И ее личная заначка – десять рублей, что она спрятала в каюте.
И паспорт.
Интересно, где ее паспорт?
Кажется, мама держала его в своей сумочке…
Вера пришла в себя, только когда их катер – кажется, он назывался «Базальт» – оказался у пристани.
У того же причала, откуда несколько часов назад отплывал «Нахимов».
Вера увидела ярко освещенное здание морвокзала, полускрытую в ночной тьме панораму города.
Вспомнила свои мысли двухчасовой давности: «Да вернусь ли я когда-нибудь в этот Новороссийск?»
Она думала возвратиться сюда – ну, может, в командировку, – когда она уже будет работать на солидном предприятии. Или даже в свадебное путешествие.
Но она вернулась – гораздо раньше. Очень скоро. Слишком скоро…

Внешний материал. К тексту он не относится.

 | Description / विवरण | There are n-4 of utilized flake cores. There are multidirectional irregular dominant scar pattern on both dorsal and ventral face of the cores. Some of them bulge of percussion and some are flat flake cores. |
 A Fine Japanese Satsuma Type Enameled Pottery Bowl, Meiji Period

И опять, будто фильм крутят задом наперед. – набережная, здание морвокзала…
Она машинально поискала глазами пальму, у которой они недавно стояли вместе с Васькой, прощались. И смотрели на красавца «Нахимова», готового продолжить черноморский круиз… Их пальма была на месте. Но теперь вокруг нее, прислонясь к кадушке, сидели мокрые, грязные, потерянные туристы.
Пустынный накануне морвокзал был заполнен до отказа – человек триста, не меньше.
Но Вера знала, что ее родителей здесь нет.
Подсказывала интуиция, шестое чувство, невидимая нить, связывающая ее с мамой и папой…
Та же интуиция говорила ей, что здесь нет и того человека, кто вырвал у папы спасительную деревяшку. И морского волка Мишеньки нет тоже…
К Вере подошел милиционер.
Спросил ее фамилию, место жительства, с кем путешествовала. Она отвечала спокойно, механически:
– Веселова… С родителями… Да, они тоже Веселовы. Здесь их нет…
Вера ни слова не скажет о том, что ее родителей погубили. Точнее, скажет, но не здесь и не сейчас.
Милиционерик – совсем молоденький! – внимательно посмотрел на нее и быстро отошел.
Вернулся через пару минут вместе с врачом. Вера услышала приглушенное:
«шок… успокоительное…»
Ей закатали рукав, сделали укол в предплечье, сказали:
– Сейчас поедем в гостиницу…
– Нет, – спокойно отвечала она. – Я буду ждать родителей.
– Может быть, завтра? Мы ведем списки… Их привезут прямо к вам!
– Нет! – она повысила голос. – Я буду ждать их тут. Оставьте меня в покое!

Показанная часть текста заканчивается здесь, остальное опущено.